We have been experiencing the "terrible two's" in the worst way over the last couple of months. Mason and Katie can't seem to look at each other without squalling. Mason does his fair share of instigating; but the emotional and over-the-top mess is Katie. We have tried spankings, time-outs, talking-to's, ignoring, and instructing in kindness. Nothing is working. I used to be able to talk to her and calm her down. Now she screams over the top of me, tries to hit or kick me, tells me "NO!", argues with me why she can't be sweet, slams her door if she gets sent to her room (or if she sends herself). Just a general all-around mess; and it has been only escalating for weeks now. I'm at the end of my rope.
Then a wise friend of mine shared something on Facebook about the minutes in a child's day that count the most.
Clearly this advice also presses the importance of physical contact with our children, and I am definitely lacking in that area, as well. Baby steps.
My kids are not yet school-age; but it struck me that I could still practice the "first 3 minutes" rule. As a simple experiment (I was at the end of my rope, remember?) I promised myself that the next morning (Friday), no matter what I was in the middle of, when Katie woke up I would purposely stop what I was doing, grab a book (or several) and sit and read with her immediately. Reading is her favorite thing to do with any adult.
Katie doesn't really wake up in the morning at a consistent time anymore. I try to get the most important and non-baby-friendly chores done before the kids require my attention; but it rarely goes as planned. So, I end up pausing briefly to rush her through the motions of getting dressed and getting strapped down for breakfast in the mornings, complete with the entertainment of tv, so I can get back to my agenda.
Friday morning, I was in the middle of cleaning my bathroom when she woke up at 6am. Ugh. However, I remembered my promise/experiment and immediately washed my hands, hung up my apron, and snagged a book from the living room shelf. It was warmer that morning, so we went to the back porch swing and watched the dawn break. We read our story and talked about the colors as the sky changed and we welcomed the morning together.
WHAT A DIFFERENCE IT MADE. I got 0 lip from her for the rest of the entire day! There were maybe two or three tiffs between her and Mason all day! And none of them escalated anywhere close to the level they had been for the last several weeks!!
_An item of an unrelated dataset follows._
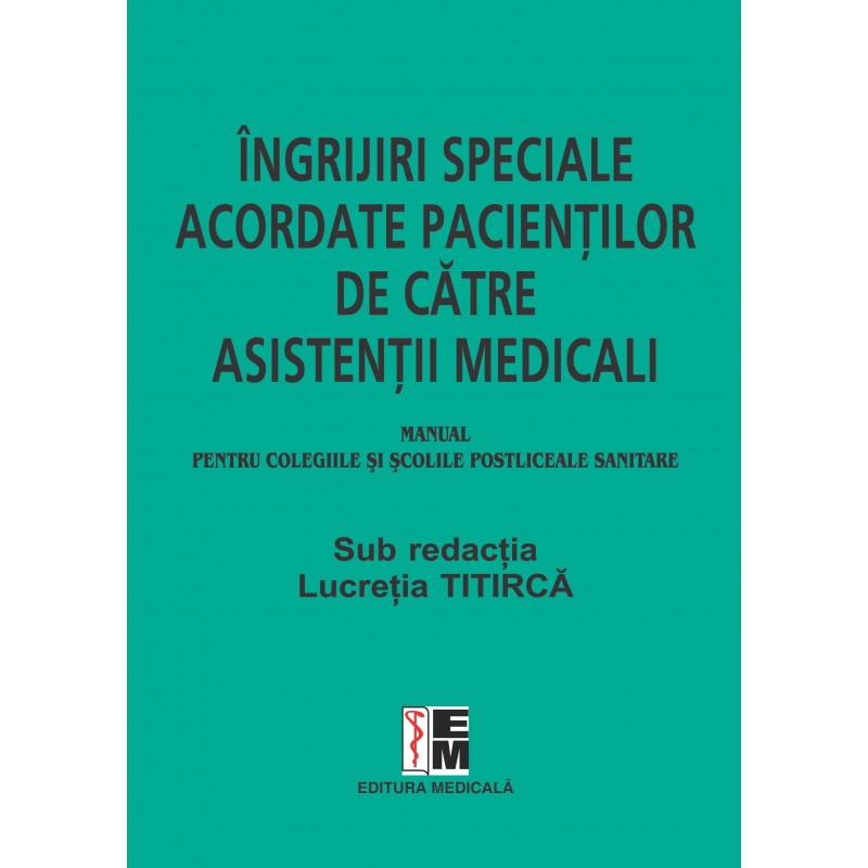 Îngrijiri speciale acordate pacienților de către asistenții medicali este de un real folos tuturor celor care se pregătesc pentru profesii medicale, studenților și elevilor din învățământul medical. Volumul scris de Lucreția Titircă - îngrijiri speciale acordate pacienților de către asistenții medicali este unul din cele mai des folosite manuale în domeniul nursingulu.

I've tried this "method" twice more since then (Saturday morning and this morning) and it has had an amazing impact on our relationship as well as her relationship with everybody around her!
New topic: Skye has been beating up Joey. I mean to a pulp. He looks awful. She won't even let him eat. She even backed him into a corner and was so terrifying that my poor blind horse fought his way through the fence and out into the street last week. A neighbor, a guy from the fire department, and my father in law were trying to get my attention around 6:45am last Monday morning for this reason. sigh. I've reached my limit with the mare, too, and quickly posted her for sale.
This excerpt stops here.